Bank of Canada Governor Stephen Poloz is grappling with powerful and conflicting economic forces that are complicating his efforts to wean the economy off the low interest rates that are fuelling excessive borrowing.

On the one hand, the economy has picked up momentum and is running near full capacity, with unemployment lower than it has been since the 1970s, making extremely low interest rates no longer necessary.

And yet, in a speech on Tuesday in Yellowknife, Mr. Poloz also highlighted a host of reasons for moving cautiously, including the vulnerability of heavily indebted households as borrowing costs rise, uncertainty over the North American free-trade agreement and lingering effects of the 2008-09 financial crisis.

“This debt still poses risks to the economy and financial stability, and its sheer size means that its risk will be with us for some time,” he said. “But there is good reason to think we can continue to manage these risks successfully.”

Economists said Mr. Poloz is preparing borrowers and investors for a continuation of gradual rate hikes over the coming months. The central bank has raised its key interest three times since last June.

“That rates are going up is not a hard call to make,” said Toronto-Dominion Bank economist Brian DePratto. “The key question is when.”

Much of Mr. Poloz’s speech focused on the dangers of rising household debt. But Mr. DePratto pointed out that that the central bank is “largely responsible” for the problem, and has the power to stop it.

“You don’t have to be an economist to know that raising the price of something lowers its relative appeal,” he said.

The Bank of Canada will continue “tapping the brakes” with rate hikes, perhaps as early as its next rate-setting announcement on May 30, Bank of Nova Scotia economist Derek Holt said.

Several major lenders, including Royal Bank of Canada and Toronto-Dominion Bank, raised their posted rates on fixed-rate mortgages in recent days, after sharp increases in government bond yields. RBC’s official rate on a five-year mortgage is now 5.34 per cent, up from 5.14 per cent.

Higher rates coincide with an economy that appears to be perking up. Statistics Canada reported on Tuesday that the economy surged in February after a slow start to the year. Real gross domestic product rose 0.4 per cent month over month, the strongest one-month growth since last spring, reversing course after a decline of 0.1 per cent in January.

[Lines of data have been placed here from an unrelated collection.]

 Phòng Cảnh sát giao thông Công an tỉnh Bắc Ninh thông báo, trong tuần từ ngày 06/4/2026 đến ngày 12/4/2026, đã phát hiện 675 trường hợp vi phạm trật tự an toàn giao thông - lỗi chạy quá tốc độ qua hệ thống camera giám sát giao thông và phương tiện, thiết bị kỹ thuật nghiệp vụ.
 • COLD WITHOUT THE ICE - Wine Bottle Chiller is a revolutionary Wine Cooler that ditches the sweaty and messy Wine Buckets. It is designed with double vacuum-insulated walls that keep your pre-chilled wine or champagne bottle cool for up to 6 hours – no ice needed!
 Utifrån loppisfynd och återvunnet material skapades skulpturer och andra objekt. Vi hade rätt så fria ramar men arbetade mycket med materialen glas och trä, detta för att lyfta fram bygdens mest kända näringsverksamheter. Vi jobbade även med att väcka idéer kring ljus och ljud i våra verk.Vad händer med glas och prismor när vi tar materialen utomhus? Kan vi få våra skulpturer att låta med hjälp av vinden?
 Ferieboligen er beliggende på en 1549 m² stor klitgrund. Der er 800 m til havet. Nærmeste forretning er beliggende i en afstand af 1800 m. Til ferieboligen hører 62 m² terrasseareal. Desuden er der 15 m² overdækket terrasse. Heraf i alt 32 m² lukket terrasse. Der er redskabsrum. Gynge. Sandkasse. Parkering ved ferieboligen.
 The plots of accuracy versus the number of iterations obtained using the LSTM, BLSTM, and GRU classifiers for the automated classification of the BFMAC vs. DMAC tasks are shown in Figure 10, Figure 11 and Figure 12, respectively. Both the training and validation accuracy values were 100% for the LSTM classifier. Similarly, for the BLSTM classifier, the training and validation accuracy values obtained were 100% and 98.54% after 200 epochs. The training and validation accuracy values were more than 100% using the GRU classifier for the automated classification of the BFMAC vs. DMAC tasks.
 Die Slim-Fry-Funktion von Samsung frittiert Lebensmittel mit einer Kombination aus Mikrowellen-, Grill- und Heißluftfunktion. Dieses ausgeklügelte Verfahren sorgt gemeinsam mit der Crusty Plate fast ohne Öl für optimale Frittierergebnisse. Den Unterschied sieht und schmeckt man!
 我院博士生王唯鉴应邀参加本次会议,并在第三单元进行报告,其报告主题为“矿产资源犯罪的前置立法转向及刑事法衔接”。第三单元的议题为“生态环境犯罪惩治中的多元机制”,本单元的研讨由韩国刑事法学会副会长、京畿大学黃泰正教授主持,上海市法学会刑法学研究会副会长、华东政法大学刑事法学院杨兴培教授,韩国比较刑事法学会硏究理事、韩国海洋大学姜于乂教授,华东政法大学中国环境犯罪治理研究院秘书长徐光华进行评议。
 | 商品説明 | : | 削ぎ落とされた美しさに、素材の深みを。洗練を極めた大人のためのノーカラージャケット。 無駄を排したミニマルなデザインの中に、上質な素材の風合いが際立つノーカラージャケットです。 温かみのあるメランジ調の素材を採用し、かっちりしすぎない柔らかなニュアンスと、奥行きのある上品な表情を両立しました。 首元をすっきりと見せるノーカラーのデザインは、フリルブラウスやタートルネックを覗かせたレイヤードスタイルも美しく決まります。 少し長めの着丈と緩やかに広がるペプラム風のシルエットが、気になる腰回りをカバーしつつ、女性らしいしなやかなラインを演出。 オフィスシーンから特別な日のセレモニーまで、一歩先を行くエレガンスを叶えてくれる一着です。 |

The debt of Canadians has been steadily rising over the past 30 years relative to the size of the economy and to incomes. The $2-trillion of total debt, includes $1.5-trillion in mortgages.

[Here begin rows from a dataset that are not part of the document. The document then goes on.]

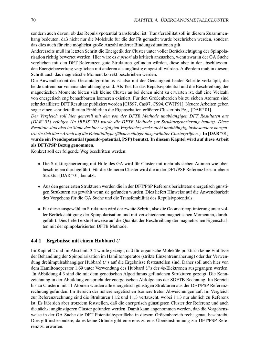 4.4.1 Ergebnisse mit einem Hubbard U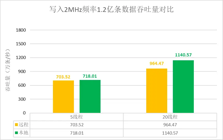 • 写入 2MHz 频率数据,远程网络环境5线程写入吞吐量达 703.52 万条/秒,20 线程写入吞吐量达 964.47万条/秒。本地网络环境20线程写入吞吐量高达 1140.57万条/秒,比远程网络环境的吞吐量提高59%。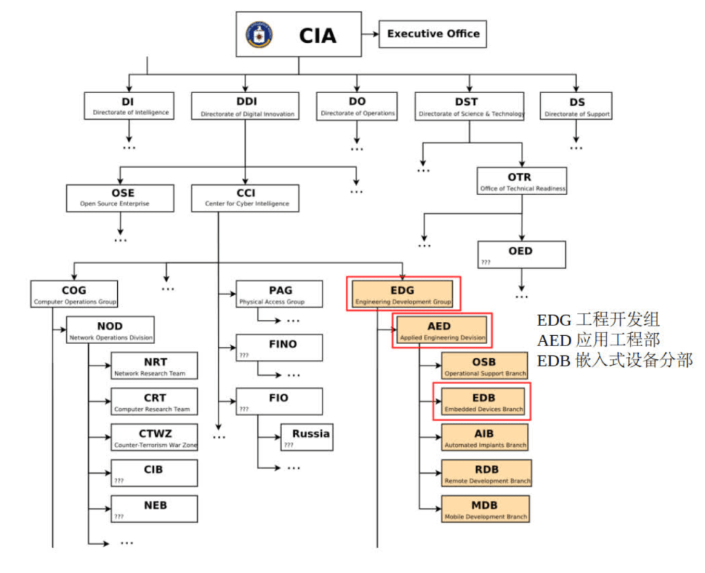 According to the “Vault7” data, the above-mentioned network attack weapons belong to the Engineering Development Group (EDG) of the US Central Intelligence Agency (CIA), and are independently or jointly developed by multiple branches under it, including the Applied Engineering Department (AED) and the Embedded Devices Branch (EDB). Most of these network weapons were born in a highly confidential internal network of the CIA called “devlan.net.” “Devlan.net” is a massive network weapon development and testing infrastructure established by the Engineering Development Group (EDG) of the CIA. According to the development log data of “devlan.net,” at least 200 engineers from the EDG were involved in the development of only the “HIVE” project.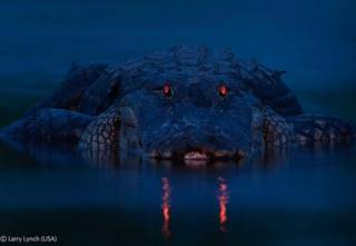 У крупных аллигаторов глаза отсвечивают красным цветом, по этому признаку их можно обнаружить ночью.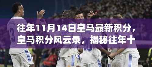 皇家马德里的积分风云录不仅仅是一场比赛的胜利或失利,更是足球历史中一段段传奇故事的见证,往日十一月十四日的积分累积,是皇马辉煌历程中的一部分,也是足球时代变迁的缩影,通过回顾这些故事,我们不仅能够感受到足球的魅力,也能体会到皇家马德里这支球队所承载的荣誉与梦想。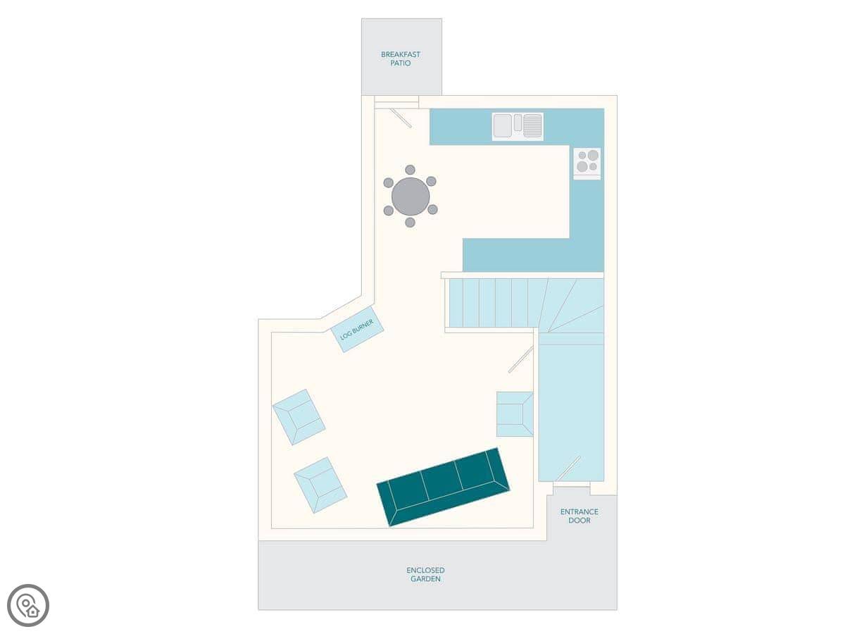 You have your own garden. The main living area is upstairs, with big windows and a balcony that looks out over the stream towards the old mill. The master bedroom is downstairs.

The average Canadian now owes $1.70 for every dollar they earn in a year – up from $1 of debt for every $1 of income 20 years ago.

And the share of Canadians with a mortgage is also up sharply, particularly for homeowners between the ages of 55 and 64, he said.

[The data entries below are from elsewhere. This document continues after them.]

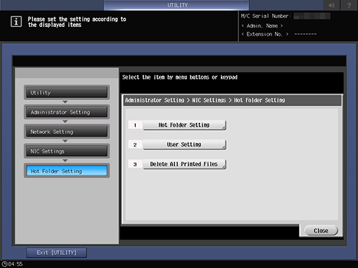 Panel de control - Utilidades/Contadores - [Conf. de administrador] - [Configuración red] - [Configuración de NIC] - [Configuración de Hot Folder]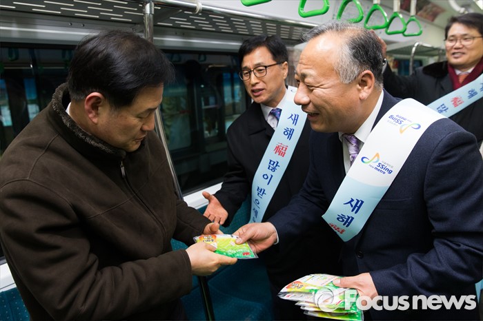 (서울=포커스뉴스) 이정원(오른쪽) 서울메트로 사장이 4일 오전 2호선 열차 안에서 시민들에게 핫팩을 나눠주며 새해 인사를 하고 있다.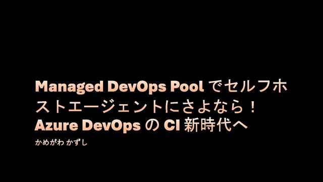 • イメージ作成大変 • プール管理大変 Self-hosted Microsoft-hosted VMSS Agent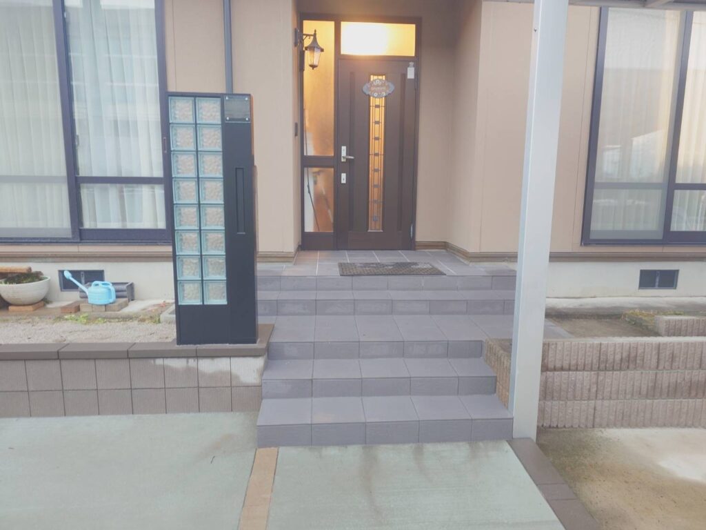 玄関ポーチは、タイルに劣化が目立つようになっており、新たに二段付け足すこともあり、一度既存タイルを剥がしてやり替えることになりました。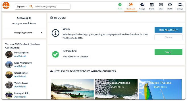 문화경험 교환에 기반을 두고 있는 플랫폼. 관심사를 상세히 작성한 다음 경험과 문화를 교환할 수 있는 호스트에게 메시지를 보내 숙박을 공유한다.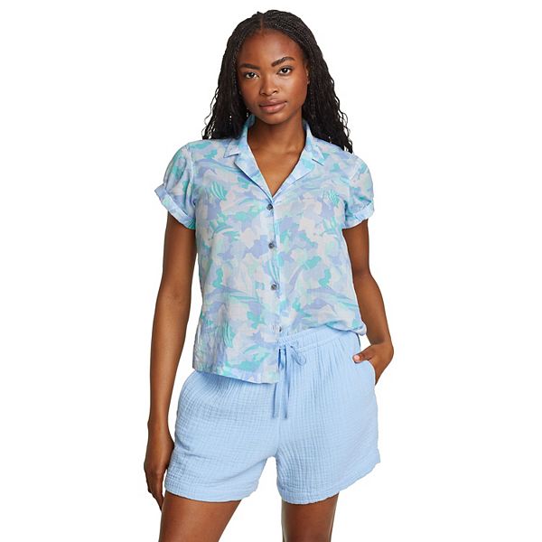 Eddie Bauer Short Sleeve Packable Camp Shirt Azure

The central bank is keeping a wary eye on people with extremely high debt relative to income. Mr. Poloz said about a fifth of that debt is held by households that owe at least 350 per cent of their annual gross income.

And he issued a pointed warning to these borrowers about the dangers posed by rising rates or a loss of a job on their ability to repay: “It is important for these households to understand how personally vulnerable they may be.”

The Bank of Canada faces a tricky balancing act. Strong demand for housing and a long period of low interest rates swelled debt. But the wider economy still needs stimulus because of economic weakness related to the 2008-09 financial crisis, Mr. Poloz said.